We’re halfway through our 100-day project, and if you’ve been with us from the beginning—congratulations! If you’re new here, or want to invite a friend to participate, it’s not too late. You can make it a 50-day project and start now. Learn more about the project here!
Hi friend,
Today is Day 50 of our 100-day project! In this moment, I’m reminded of the 15,000-mile road trip I took in my twenties, which was its own kind of 100-day project. When I reached the midpoint, I felt a distinctive shift. I’d hit the West Coast, gone as far as I could without driving right into the Pacific, and it felt pivotal: both a literal and figurative turning point. Up until then, time seemed to sprawl. One hundred days might as well have been 1,000 or even 100,000. But suddenly at Day 50, I could see the end. Though I still had many miles to cover, I was homegoing, and I felt a renewed sense of urgency to savor and make the most of the remaining days.
I thought a lot about this over the weekend, when I was readmitted to the hospital for transplant complications—a less-than-thrilling end to two tough weeks, where I was the least consistent on my 100-day project as I’ve been at anything in my life. I’ve been gentle with myself, trying to “love the lapses,” as one community member suggested. But in being so gentle with myself, and in having such a low barrier to entry—of just painting any amount whenever I feel up to it—I’ve felt adrift and struggled with consistency.
Oddly, my recent lapses have had little to do with my health—in fact, I’ve realized that the sicker I am, the more I’m pulled toward this anchoring, enlivening act of putting brush to canvas each day. As soon as I was back in the hospital, I was painting again, spending hours at a time on a large piece called “The Clock” (pictured below).
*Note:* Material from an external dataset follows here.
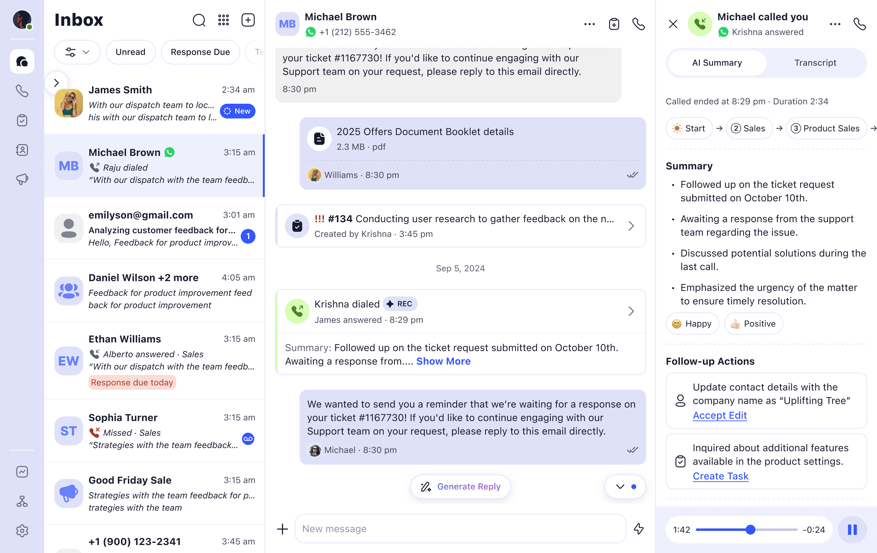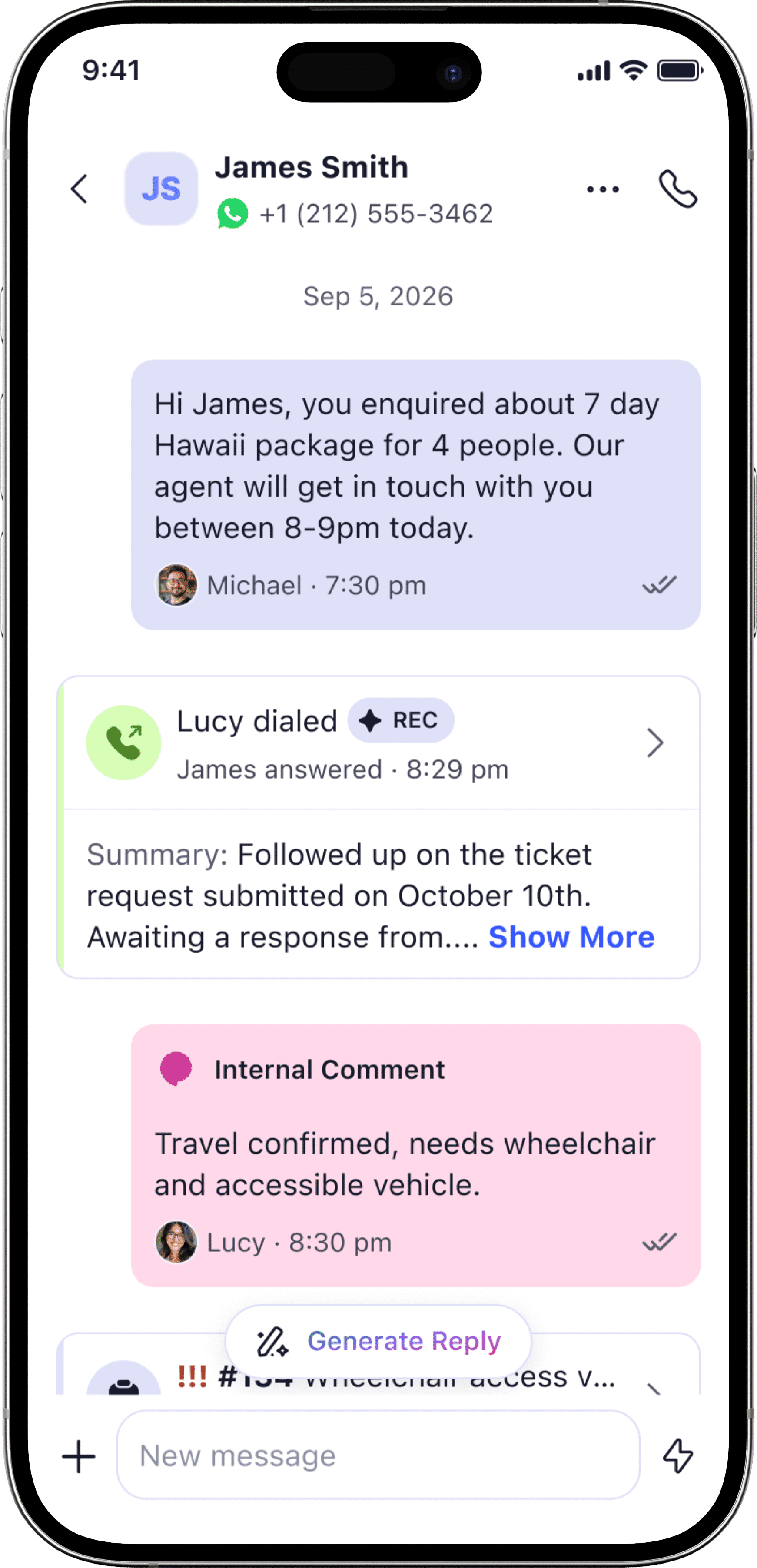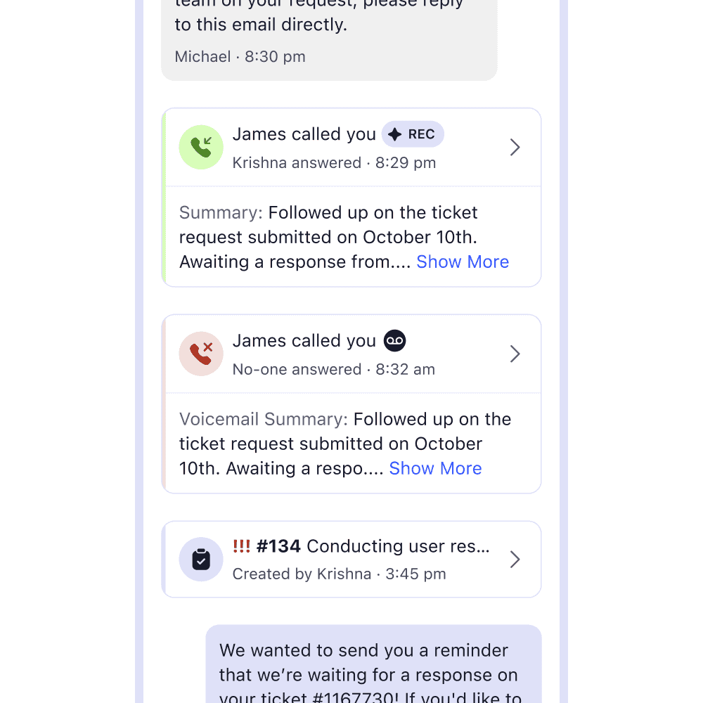 Timeline of text messages, calls, voicemail, and tickets in one feed.

I’d been avoiding it, as I hadn’t quite figured out how all the parts fit together, how the composition would cohere. There in my hospital bed, I suddenly saw solutions where before there had only been problems. I told one of the nurses that I was most prolific in the hospital and joked that it was my ideal artist’s residency.
“Next time I’m creatively stuck, I’ll find a way to get myself readmitted,” I said.
“You’ve got issues,” she quipped back, “and leukemia might not be your biggest one.”
Over the last decade, I’ve written a lot about the link between creativity and illness—how limitation necessitates invention, how confronting your mortality forces you to find new modes of expression, how life’s interruptions twist your mind out of its normal rut, as Road Dahl said. For me, a hospital room feels like a kind of monastic cell, where all artifice is stripped away and I’m forced to make meaning of what’s left. That intensity can be useful, but it’s also untenable—like the musicians who can’t compose a song unless they’re heartbroken, or the poets who can’t write a line unless they’re in existential despair. Why must things be in extremis in order to create?